1. When did anatomically-modern humans become established?

The earliest dates for anatomically-modern human fossil remains are around 100 000 years bp. (eg., Klasies River Mouth; South Africa: Skhul, Qafzeh, Near East: see both Campbell, in press, and Waddell and Penny, in press, for details). It can be assumed, on anatomical grounds, that these earliest anatomically-modern humans would be able to speak. Whether they did cannot be established directly.

2. When did `typically' modern human activity begin?

Contemporary human activities rely on the social and cultural maintenance of symbolic resources. The means of maintenance and transmission of symbols are conservative; the symbols themselves are volatile. The physical instantiations of contemporary human symbolic activities show temporal volatility, differential spatial distribution, and spatial relocation.

Temporal volatility is not necessarily associated with functional utility. Clothing, for example, is functional, but fashion is volatile for other reasons; hem lines on dresses go up and down for reasons unrelated to the function of wearing a dress, just as accepted male and female garb differs according to custom rather than function.

By differential spatial distribution I mean that the cultural products of human activities that you would find within 5 kilometres of where you are reading this will be of a different constitution to those that would be within 5 kilometres of another person in Tibet, New Guinea or elsewhere. If an inventory were available for your location 5 years ago, then the temporal volatility of those products would again be apparent. At a more micro-level there exist some particulary unique spatial distributions of cultural products; for example, people near you wear different, clothes, jewellery, etc..

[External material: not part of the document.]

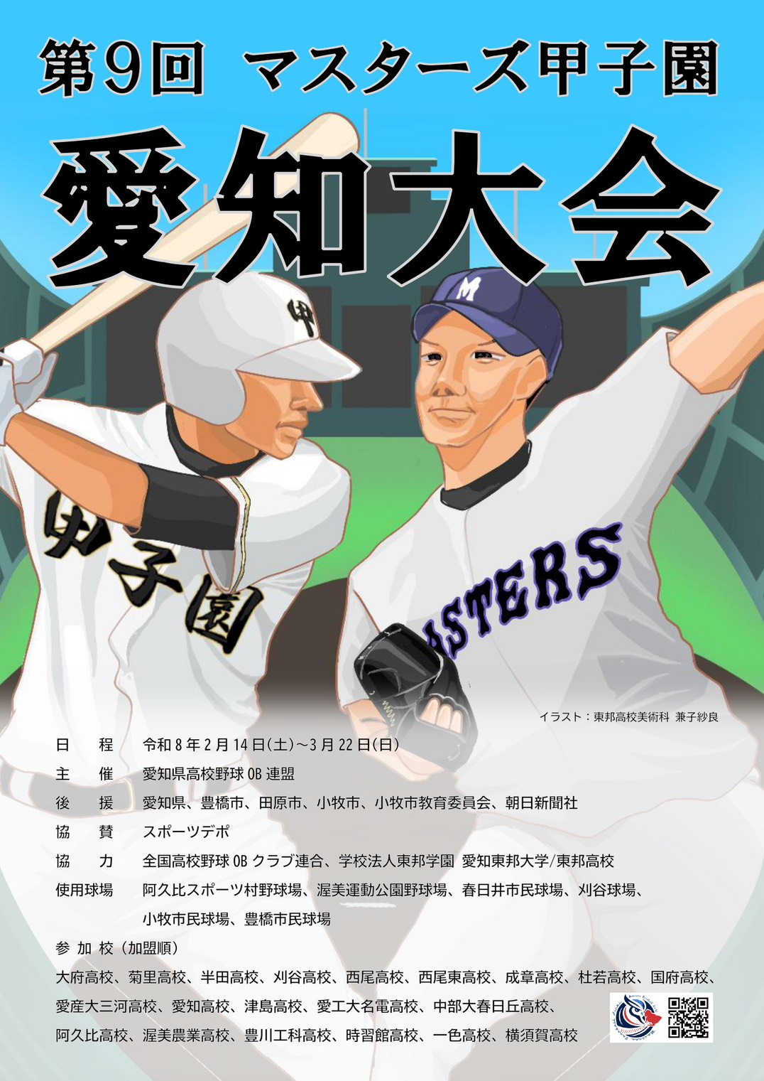 2026年2月開催の第9回マスターズ甲子園愛知大会のポスターが完成しました。

Spatial relocation would be demonstrable in the same way: the natural availability of the constituent products of cultural materials within 5 kilometres of this point is vastly different from the proportions in which they culturally occur and have been assembled. The resources available to us move over large distances; even the food on your plate can be a geography lesson.

Taking these properties as criteria for characterising modern human cultural practices, we can ask when, in the archaeological record, is there evidence that humans acted in characteristically modern ways? That is, when did the material artifacts associated with humans show patterns of temporal volatility, differential spatial distribution, and spatial relocation?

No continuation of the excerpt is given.